I very much enjoyed the 1987 movie starring Steve Martin and John Candy, but that is not what I am writing about. In my book, Eugenica, the protagonists use planes, trains, and automobiles to escape their pursuers. Well, actually they use the singular of each of those modes of transport. One plane, a De Havilland Dragon Rapide, one train, a mixed goods and passenger service on a local line, and one car, a Bentley Speed Six Tourer. It is a fact long understood and appreciated by movie makers that using transport in chase scenes just ramps up the excitement.

In my younger days I enjoyed adventure stories. They all followed a very similar pattern of course and invariably they would have at least one chase, the better books usually more. Sometimes it would be on foot. Occasionally, it might include horses, but in the modern age nothing could beat mechanical transport for speed, danger, and edge of the seat thrills. When I started writing Eugenica I did not have an adventure story as such in mind. The first theme of the book was simply illustrating that the path to hell is paved with good intentions. The misguided principles of eugenics were turned from a promise of a better, healthier future into a nightmare of oppression, division, and control. One part of the book did this through an ongoing discussion of eugenics as a theory, the other was more practical and seen from the point of view of a group of people who were suffering the real-life consequences of the developing form of dysgenics.

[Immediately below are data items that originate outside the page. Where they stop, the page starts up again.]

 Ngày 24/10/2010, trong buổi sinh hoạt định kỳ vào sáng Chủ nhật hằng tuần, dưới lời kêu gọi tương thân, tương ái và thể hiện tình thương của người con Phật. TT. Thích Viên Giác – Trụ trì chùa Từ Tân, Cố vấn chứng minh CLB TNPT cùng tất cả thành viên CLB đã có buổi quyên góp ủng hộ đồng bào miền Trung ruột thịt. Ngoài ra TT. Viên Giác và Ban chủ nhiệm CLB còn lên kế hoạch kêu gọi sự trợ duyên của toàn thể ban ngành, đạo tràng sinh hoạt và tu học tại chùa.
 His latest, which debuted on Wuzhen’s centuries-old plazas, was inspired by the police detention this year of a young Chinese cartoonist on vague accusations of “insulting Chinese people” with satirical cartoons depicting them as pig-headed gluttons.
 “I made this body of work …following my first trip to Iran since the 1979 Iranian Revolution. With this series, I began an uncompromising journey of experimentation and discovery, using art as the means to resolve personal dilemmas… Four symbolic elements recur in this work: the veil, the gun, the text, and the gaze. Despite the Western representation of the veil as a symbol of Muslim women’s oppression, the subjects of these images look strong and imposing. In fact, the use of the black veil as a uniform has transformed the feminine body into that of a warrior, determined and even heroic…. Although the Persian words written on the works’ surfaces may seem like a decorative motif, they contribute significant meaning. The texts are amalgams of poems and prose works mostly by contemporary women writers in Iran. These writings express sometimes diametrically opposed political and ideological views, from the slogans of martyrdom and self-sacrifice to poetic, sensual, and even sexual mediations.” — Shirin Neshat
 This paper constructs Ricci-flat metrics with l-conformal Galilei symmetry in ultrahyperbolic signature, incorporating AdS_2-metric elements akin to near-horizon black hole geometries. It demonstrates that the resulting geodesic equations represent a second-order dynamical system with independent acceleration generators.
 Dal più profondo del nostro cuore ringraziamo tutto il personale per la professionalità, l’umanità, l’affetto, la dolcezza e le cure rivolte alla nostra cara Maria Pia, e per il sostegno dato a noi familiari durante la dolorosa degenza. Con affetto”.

Dysgenics is the negative form of eugenics. It was used by the Nazi government as justification for persecuting and trying to eradicate minorities including the disabled, gypsies, homosexuals, and of course the Jewish people. For a novel it makes for heavy going as subject matter.

The second theme of the book was the strength of the human spirit in adversity. Having created a world, an alternate 1930’s, where eugenics had become a government policy, I dropped a group of victims into it. As a writer you get to do such cruel things. They appeared totally overmatched for the trials that were to come their way. Young, alone, and each one with a different kind of disability they were pitched against a government ministry and all of its resources. Now that is an adverse situation to find yourself in.

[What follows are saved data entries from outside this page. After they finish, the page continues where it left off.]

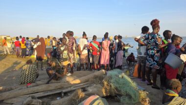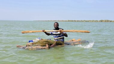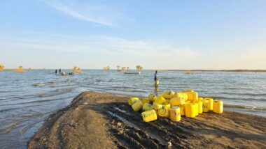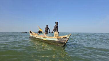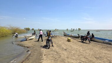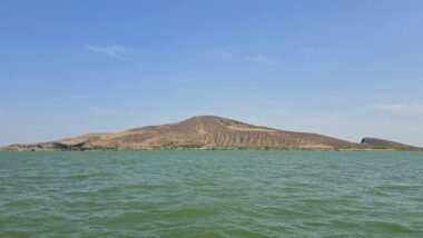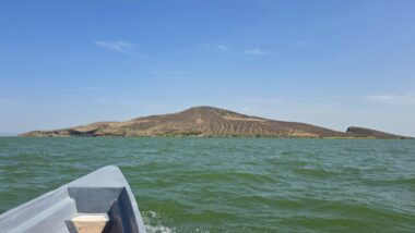 After a two-day drive, we finally arrived in Lodwar around 11 in the morning, but immediately continued for another hour to Kalokol to catch our boat to visit the lake. After complicated negotiations, we agreed to hire the fishing boat with a 40hp engine for 15,000 KES and jumped in. Nobody told us in advance that the lake was rough with one-meter waves, so the small fishing-boat ride was perilous, and we can’t really recommend it. Probably, we were supposed to look for a bigger boat.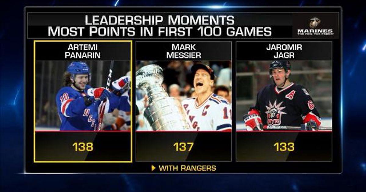 Во вторых Панарин вошел в историю Рейнджерс, как игрок, который набрал больше всего очков за команду в первые 100 игр: 138 очков, следующий вторым Марк Мессье набрал 137, тоже самое касается ассистов, у Хлеба 93 у Мессье 92.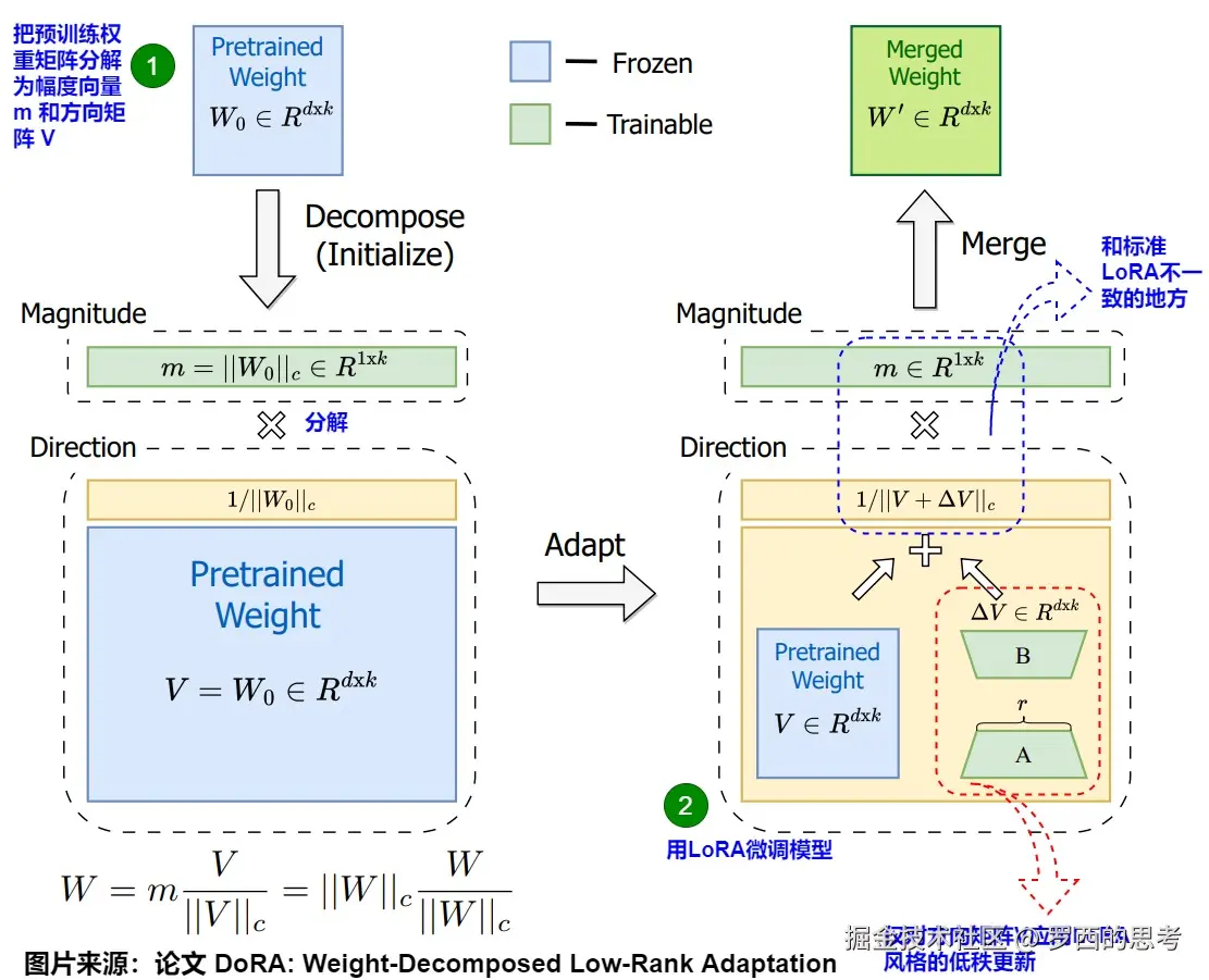 DoRA: Liu, S. Y., Wang, C. Y., Yin, H., Molchanov, P., Wang, Y. C. F., Cheng, K. T., & Chen, M. H. (). DoRA: Weight-Decomposed Low-Rank Adaptation. arXiv preprint arXiv:2402.09353.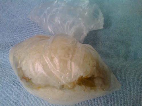 また、日本のお握りやコンビニで販売されているお握りのように海苔はなく、ビニール袋で丸めて提供されるのも特徴的ですね。
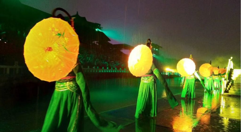 我们忘不了,那是一个大雨磅礴的晚上,我们接到了许多游客的电话,说他们从很远的地方来,说他们担心演出停演……当天晚上,我们给每位游客都提供了雨衣,看着穿着整整齐齐雨衣坐着观看演出的游客,我们觉得,你们怎么那么可爱。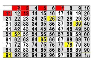 エラストテネスの篩(ふるい)で13の倍数をみんな消してみました。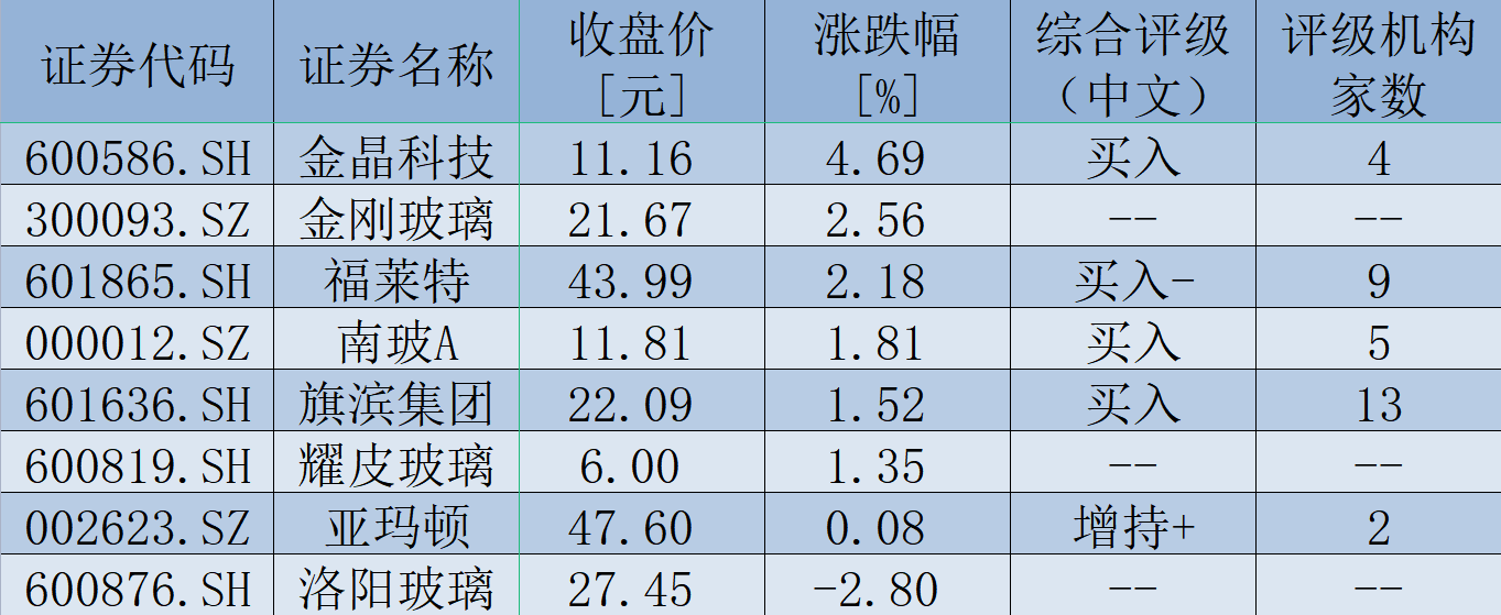 值得一提的是,最近30日內(nèi),有5只玻璃制造板塊個股獲機構(gòu)給予“買入”或“增持”等看好評級。其中,旗濱集團和福萊特分別獲得13次和9次看好評級,南玻A(5次)、金晶科技(4次)、亞瑪頓(2次)等3只個股也獲得了機構(gòu)給予的看好評級。

As the story developed, I became aware of both how dark it had become and how much darker it could get. There was a point after a young girl died following a beating from the wardens who were supposed to be looking after her that caused me to stop and think where the book was going? I had two choices, the first, was further into the dark, the second was to affect an escape and let the heroes soar. I chose the second option. I could have pushed further into the darkness. I could have written a tale of injustice and the horror of how quickly one person starts treating another in an inhuman way, but I was finding it difficult to find a way out of that situation. It did not seem enough for my characters, particularly Grace and Tom, to just survive. Also, it would require other people to make the change happen that would bring an end to their torment. In my experience people often think that those with a disability always need help when in reality the disabled just want to do things for themselves.

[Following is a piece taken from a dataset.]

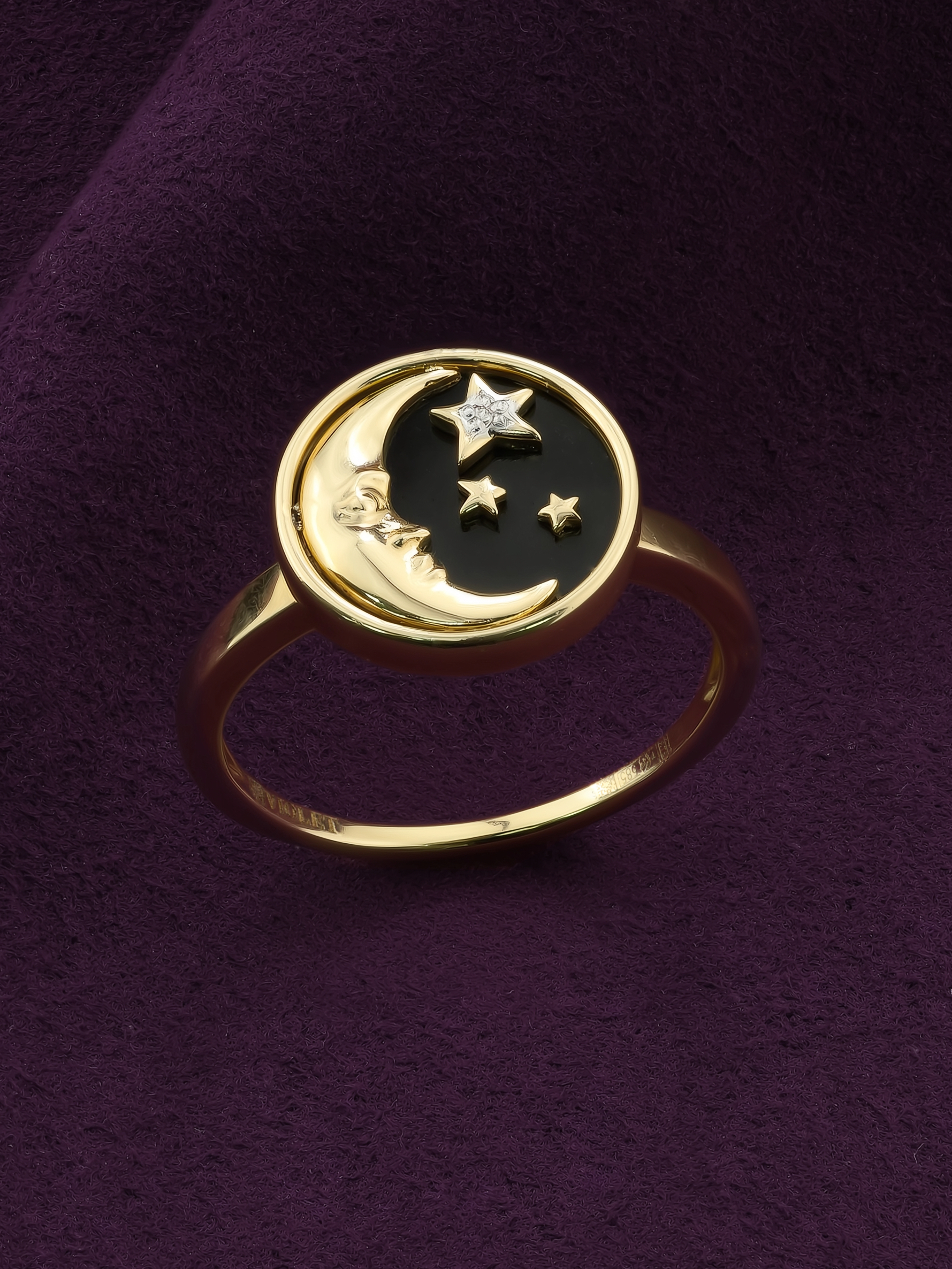 Кольцо из лимонного золота 585 пробы c бриллиантами и ониксом

That was the key. I wanted Grace and Tom to become masters of their own fate. To do that they had to escape. The moment that they put their plan into action the book took a turn in direction. Instead of following the path down to a dark place it turned and went into the light. Once the chase began the element of adventure was introduced. Consciously or unconsciously, those books that I read began to exert an influence over my writing. Grace, with her missing hand and leg, Tom with his blindness, Mary with her stunted body, and Hector having to use a wheelchair, became a very unlikely group of fugitives. It was fun writing about their adventures because the very limitations that arose from the disabilities that I gave each character demanded the use of imagination to get them out of the dangerous situations that they inevitably found themselves in.

Disabled people are rarely seen in a positive light. I believe that many display an uncommon strength of human spirit in just living their daily lives. Even more so when they get to do the things that they want to do. There are very few heroes with actual disabilities in the adventure genre. I wanted to put four more up for consideration. Of course, Eugenica is a fantasy. It is a piece of speculative fiction. It does not really compare to the trials that real people have to go through each day in this so-called civilised society. The ability of such people to display their strength of spirit to achieve even mundane acts should not be underestimated. I have yet to hear from a reader who thought that Grace, Tom, Mary, and Hector were not believable within the context of the book. I have heard from a number of people that they really liked them. I would like to think that my fantastic four are remembered for their stirring exploits, riding planes, trains, and automobiles to freedom, being able to achieve their own fates, rather than as merely disabled people dependent upon others.